A simple configuration change was the culprit. There were no routes in the configuration change, so what happened? How could the configuration change cause such a massive network failure?
The configuration change extended an MPLS VPN into a new part of the network. The proposed change looked benign. It created a new VLAN and tied the SVI for that VLAN to the MPLS VPN via BGP, extending it to the new location. The problem was that the MPLS VPN contained a default route that wasn’t apparent by inspection of the proposed change. When the VPN was extended, the newly injected default route was preferred over the default route that was in the core of the network. Instant black hole.
Having just read Joel’s article, I noted that the proposed configuration change would have required that the network engineer and any reviewer to carefully examine the routes carried in the extended VPN to make sure that there would be no problems. Similarly, the routes in the core network would have to be examined to make sure that they wouldn’t cause a problem in the VPN that was being extended. Both of these actions violate Joe’s premise that you shouldn’t have to look very far from the source of the change to determine if the change is safe to make. Having to do a lot of work to validate a change will guarantee that it won’t be done very often.
Back to the network configuration.
I’ve always been a proponent of very limited use of static default routes, and static routes in general. Default routes should be originated at the Internet borders. The only exception might be where your network is large enough to be segmented into several major routing domains. Originating default into each domain from the junction with other domains would be appropriate. The key is that there only a few routers should originate default routes. And those defaults should be tied to outgoing interfaces, so that if the interface dies, the static default route is withdrawn.

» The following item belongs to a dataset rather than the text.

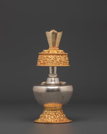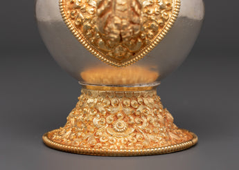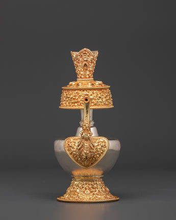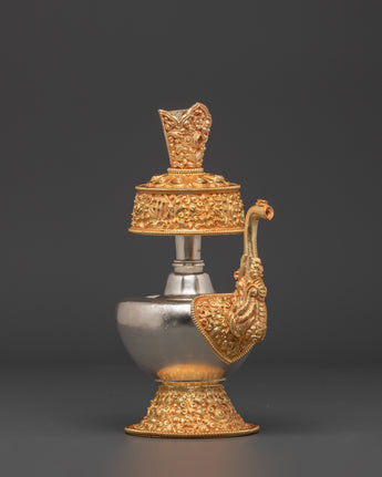 Meticulously crafted, the Tibetan Ritual Bhumba exemplifies traditional Tibetan artistry. Skilled artisans employ time-honored techniques to shape the copper, then apply gold and silver plating. Hand-carved decorative details, like intricate golden motifs on the base, spout, and lid, highlight the artisan’s dedication. Its ornate features hold spiritual significance in Tibetan rituals, where it is used to contain sacred offerings or liquids. This piece functions both as a ritual vessel and a symbolic artifact, embodying the deep spirituality and cultural richness of Tibetan Buddhism.

A well-designed routing system will propagate the default routes to the rest of the network. It makes troubleshooting much simpler. If Internet connectivity is lost, you don’t have to wonder where the traffic will flow. It will die as soon as it reaches a router that doesn’t have the default. Go track down where the dynamic routing is failing and you’ve fixed the problem. It’s nicely deterministic.
But how do you determine which routers are originating default routes?

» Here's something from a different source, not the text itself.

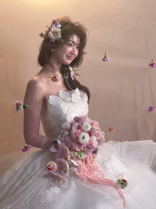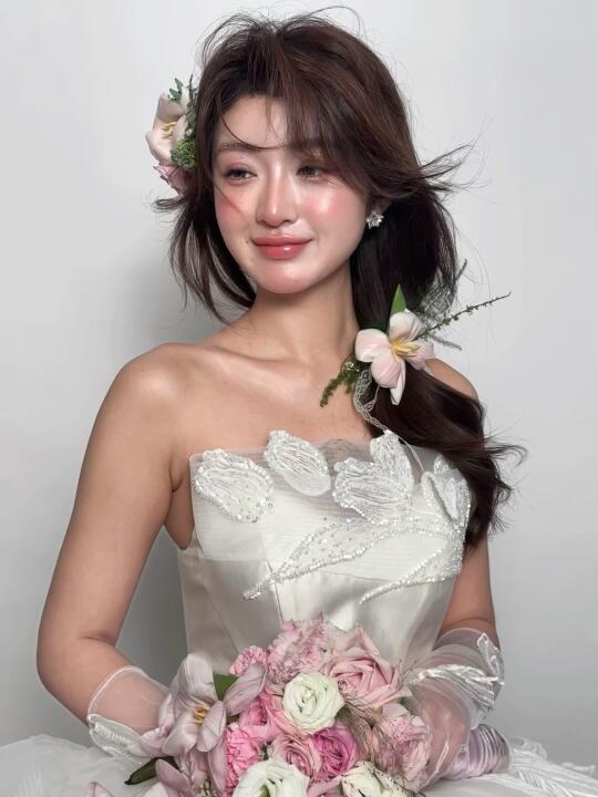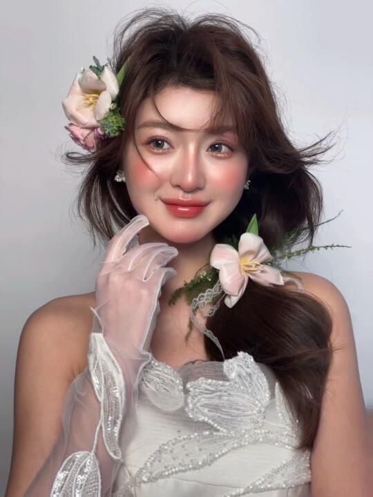 鲜花造型 氛围感发丝 干净清透妆面 氛围感鲜花造型春日造型 2025新娘流行鲜花造型 森糸造型 新娘造型 春日妆容 清新自然的小森系

NetMRI retrieves the routing tables of routers (as long as the tables are less than 3000 routes — if you have more routes than that, you should consider breaking the network into multiple private autonomous systems). The Network Explorer/Summaries tab (see image below) lists the routes in the network and the routers that are originating each route. It excludes the routers that are simply forwarding the routes. Because NetMRI is obtaining the routes directly from the routers, it is able to report on default routes within summarized parts of the network.
The example network shown below has hundreds of routers originating the default route. This is because each edge router is configured with a static default that points to its upstream neighbor. Instead of a static configuration, the default route should be learned from the upstream router. Propagating the default via the routing protocol also makes the device configurations more consistent in that they don’t need a device-specific default route in the configuration. A template for dynamic routing would be the same across hundreds of devices and simplify the configuration management, allowing a template to be used to verify proper routing configuration on most of the routers.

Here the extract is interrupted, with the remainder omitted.